*WORK INSTRUCTION*:
Copy out every line of the data where the word "which" is found.

*INFORMATION GIVEN*:
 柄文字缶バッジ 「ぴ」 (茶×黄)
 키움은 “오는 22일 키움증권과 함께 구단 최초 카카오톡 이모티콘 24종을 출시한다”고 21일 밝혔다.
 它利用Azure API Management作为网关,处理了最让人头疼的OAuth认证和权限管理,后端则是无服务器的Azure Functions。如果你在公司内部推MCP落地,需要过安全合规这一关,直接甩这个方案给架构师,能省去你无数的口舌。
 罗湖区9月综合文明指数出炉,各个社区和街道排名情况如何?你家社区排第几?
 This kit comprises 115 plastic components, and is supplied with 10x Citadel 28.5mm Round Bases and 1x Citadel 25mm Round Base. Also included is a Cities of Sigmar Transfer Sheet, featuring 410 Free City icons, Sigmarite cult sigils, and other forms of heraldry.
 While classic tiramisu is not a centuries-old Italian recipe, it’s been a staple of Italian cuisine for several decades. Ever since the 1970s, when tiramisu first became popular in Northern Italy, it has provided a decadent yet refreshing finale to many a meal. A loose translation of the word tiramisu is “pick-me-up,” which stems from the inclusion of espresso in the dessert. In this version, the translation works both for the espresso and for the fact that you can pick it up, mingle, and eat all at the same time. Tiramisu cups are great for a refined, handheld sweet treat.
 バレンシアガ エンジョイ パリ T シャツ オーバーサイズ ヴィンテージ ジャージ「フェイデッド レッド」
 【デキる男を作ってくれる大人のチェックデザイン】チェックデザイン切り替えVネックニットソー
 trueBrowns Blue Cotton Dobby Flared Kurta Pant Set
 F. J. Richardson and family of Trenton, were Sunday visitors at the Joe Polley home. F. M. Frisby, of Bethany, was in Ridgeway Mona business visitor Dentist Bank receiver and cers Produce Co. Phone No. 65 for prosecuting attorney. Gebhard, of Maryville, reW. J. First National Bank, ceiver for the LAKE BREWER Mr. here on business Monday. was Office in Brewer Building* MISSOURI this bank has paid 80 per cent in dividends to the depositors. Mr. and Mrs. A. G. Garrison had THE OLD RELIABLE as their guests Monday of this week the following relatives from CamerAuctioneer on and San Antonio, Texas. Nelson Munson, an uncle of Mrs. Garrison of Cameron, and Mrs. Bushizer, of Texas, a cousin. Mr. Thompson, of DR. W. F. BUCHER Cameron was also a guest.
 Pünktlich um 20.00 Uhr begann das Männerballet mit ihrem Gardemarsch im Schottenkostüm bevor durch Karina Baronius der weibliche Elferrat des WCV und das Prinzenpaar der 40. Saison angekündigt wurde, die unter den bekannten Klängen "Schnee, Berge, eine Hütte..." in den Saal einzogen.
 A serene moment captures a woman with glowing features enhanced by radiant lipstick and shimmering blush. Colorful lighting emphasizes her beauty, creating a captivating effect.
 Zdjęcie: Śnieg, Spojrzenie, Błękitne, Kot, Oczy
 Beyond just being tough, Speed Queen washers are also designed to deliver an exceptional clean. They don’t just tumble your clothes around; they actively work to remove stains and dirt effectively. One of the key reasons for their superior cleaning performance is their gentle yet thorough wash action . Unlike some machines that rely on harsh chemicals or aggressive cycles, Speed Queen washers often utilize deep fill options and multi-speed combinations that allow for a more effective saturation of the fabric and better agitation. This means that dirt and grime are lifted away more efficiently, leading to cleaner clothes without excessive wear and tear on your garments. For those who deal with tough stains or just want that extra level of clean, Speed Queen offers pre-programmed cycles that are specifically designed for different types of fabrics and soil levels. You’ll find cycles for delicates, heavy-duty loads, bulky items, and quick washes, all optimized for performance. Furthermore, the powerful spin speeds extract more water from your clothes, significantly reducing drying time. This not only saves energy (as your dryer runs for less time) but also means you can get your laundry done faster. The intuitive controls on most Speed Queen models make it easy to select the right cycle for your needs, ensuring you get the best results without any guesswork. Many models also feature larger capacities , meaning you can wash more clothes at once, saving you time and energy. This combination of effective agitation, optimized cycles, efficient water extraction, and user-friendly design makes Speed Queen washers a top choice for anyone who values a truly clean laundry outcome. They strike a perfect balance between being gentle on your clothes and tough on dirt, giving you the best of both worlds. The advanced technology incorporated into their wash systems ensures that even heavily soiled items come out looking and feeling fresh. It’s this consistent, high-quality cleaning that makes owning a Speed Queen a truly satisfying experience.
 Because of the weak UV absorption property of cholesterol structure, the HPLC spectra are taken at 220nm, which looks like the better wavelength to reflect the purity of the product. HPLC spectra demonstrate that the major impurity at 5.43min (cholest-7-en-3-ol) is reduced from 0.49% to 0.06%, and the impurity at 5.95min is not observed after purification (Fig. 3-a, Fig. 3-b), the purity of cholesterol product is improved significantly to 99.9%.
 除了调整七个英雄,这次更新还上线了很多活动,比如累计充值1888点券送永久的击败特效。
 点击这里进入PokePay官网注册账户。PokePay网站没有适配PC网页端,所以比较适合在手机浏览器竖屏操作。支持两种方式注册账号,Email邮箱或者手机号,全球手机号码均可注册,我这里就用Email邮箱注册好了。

*YOUR SOLUTION*:
 While classic tiramisu is not a centuries-old Italian recipe, it’s been a staple of Italian cuisine for several decades. Ever since the 1970s, when tiramisu first became popular in Northern Italy, it has provided a decadent yet refreshing finale to many a meal. A loose translation of the word tiramisu is “pick-me-up,” which stems from the inclusion of espresso in the dessert. In this version, the translation works both for the espresso and for the fact that you can pick it up, mingle, and eat all at the same time. Tiramisu cups are great for a refined, handheld sweet treat.
 Because of the weak UV absorption property of cholesterol structure, the HPLC spectra are taken at 220nm, which looks like the better wavelength to reflect the purity of the product. HPLC spectra demonstrate that the major impurity at 5.43min (cholest-7-en-3-ol) is reduced from 0.49% to 0.06%, and the impurity at 5.95min is not observed after purification (Fig. 3-a, Fig. 3-b), the purity of cholesterol product is improved significantly to 99.9%.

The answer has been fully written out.